Share option charges
A total of $0.21m (2015: $0.14m), was charged in the period in respect of IFRS2, "Share-based payments". This charge was made up of various different elements: 2013 Performance Share Plan awards up to date of exercise in April 2016; awards under the 2015 Incentive Plan; and charges in respect of the 2016 UK Sharesave and 2016 US Employee Stock Purchase Plan.
Current options outstanding are: 152,648 share options under the Sharesave and Stock Purchase Plan; and 26,128 share options, awarded in respect of the 2015 financial period, under the 2015 Incentive Plan.
Exceptional items
Exceptional items charged in the first half of 2016 amounted to $2.46m (2015: $nil). All of the charge related to the pension risk reduction project, and included $1.53m of past service charge resulting from the GMP equalisation process for pensioners required as part of the move from 'buy-in' to 'buy-out' status.
Net finance income
Net finance income in the period was $nil (2015: $0.02m). Modest external interest income on cash balances was offset by non-utilisation fees on the US line of credit.
Taxation
The tax charge for the half year was $3.23m (2015: $3.31m). The composite tax rate of 29% (2015: 29%), reflects the expected tax rate for the Group for the full year in 2016. The charge relates principally to taxation payable on profits earned in the USA, net of the expected tax implications of pension scheme activity.
Earnings per share
Underlying basic earnings per share was 37.28c (2015: 31.25c), an increase of 19%. This is composed of an increase of 20% in underlying profit after tax, reduced by a slightly increased undiluted weighted average number of shares in issue.
Basic earnings per share was 28.22c (2015: 29.01c), a decrease of 3%. The principal influence causing basic earnings per share to be lower in 2016 than the comparative period in 2015 is the exceptional costs charge of $2.46m ($nil in 2015).
Dividends
Dividends are determined in US dollars and paid in Sterling at the exchange rate on the date that the dividend is determined.
The Board has declared an interim dividend per share of 16.32c (2015: 12.09c), an increase of 35%. In Sterling, the interim dividend per share will be 12.30p (2015: 7.75p), an increase of 59% over prior period. The dividend will be paid on 15 September 2016.
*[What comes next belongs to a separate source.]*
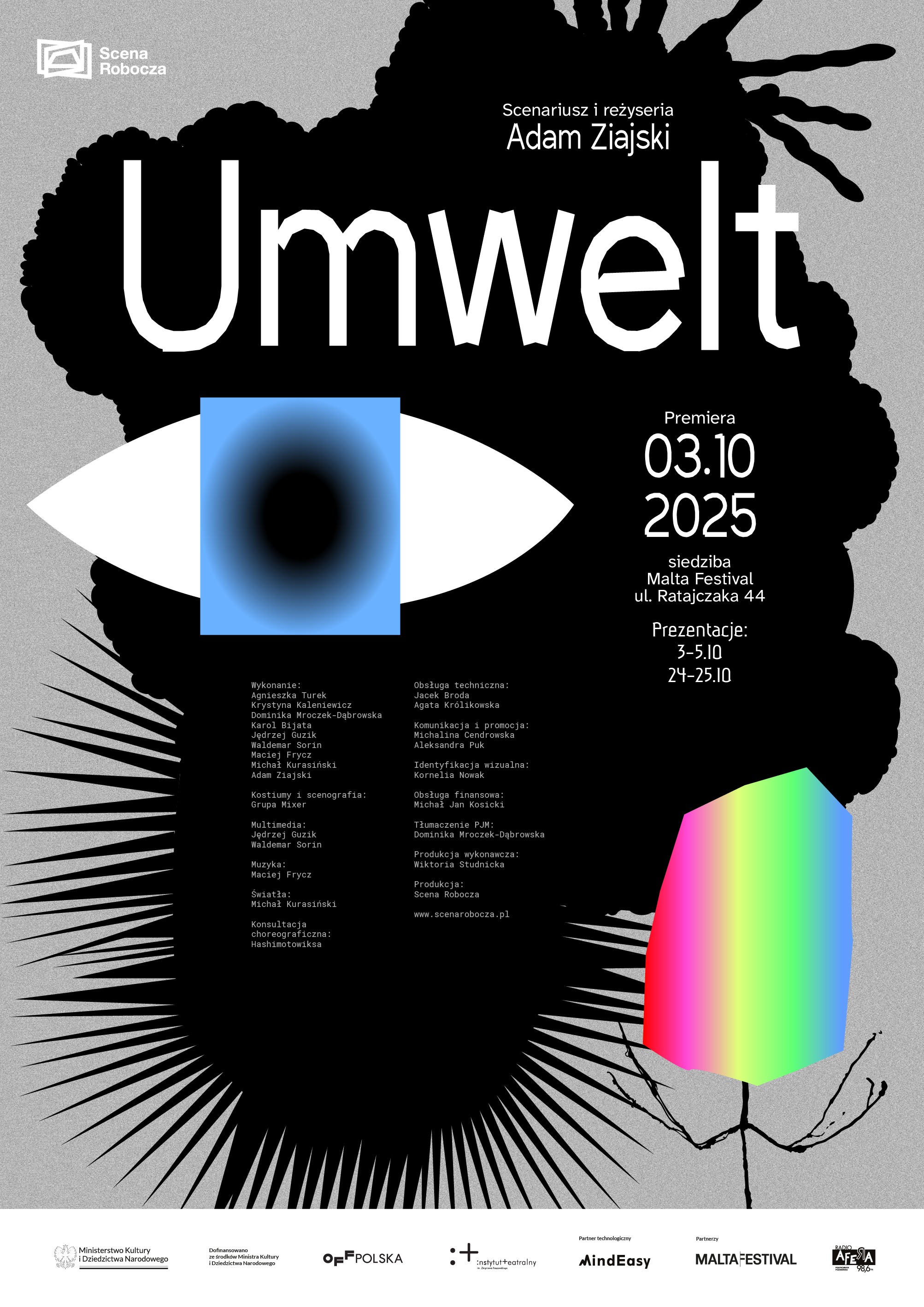 „Umwelt” w reż. Adama Ziajskiego to projekt eksplorujący granice naszej percepcji za pomocą biofeedbacku. Tytułowy termin w języku niemieckim oznacza „wokół-świat” – środowisko, które nie tyle nas otacza, ile zawiera to, co dla nas istotne i rzeczywiście dostrzegalne. To subiektywny świat zmysłów, reakcji i znaczeń.

Defined benefit pension scheme
The Group sponsors a legacy UK defined benefit scheme which has been closed to new members and future accruals for several years. The scheme has 1,087 pensioners, of whom 906 have insured benefits, and 483 deferred members.
At 2 July 2016, the deficit of the Scheme on an IAS 19 basis was $16.38m, compared to $23.11m at 2 January 2016.
The change in deficit is analysed as follows:
$m ------------------------------------------------------------------------- -------- IAS 19 deficit at 2 January 2016 23.11 Pension administration costs paid by the Scheme 0.15 Exceptional item - past service charge and buy-out costs paid by Scheme 2.32 Pension finance charge 0.37 Contributions by employer (15.43) Re-measurement losses due to changes in assumptions 7.78 Exchange gain (1.92) -------------------------------------------------------------------------- -------- IAS 19 deficit at 2 July 2016 16.38 -------------------------------------------------------------------------- --------
Gross scheme liabilities under IAS19 were $143.42m and assets were $127.04m. Pensioner liabilities of $109.58m have been insured through previous 'buy-in' exercises, resulting in uninsured liabilities of $33.84m and uninsured scheme assets of $17.46m. Over 76% of total scheme liabilities are insured.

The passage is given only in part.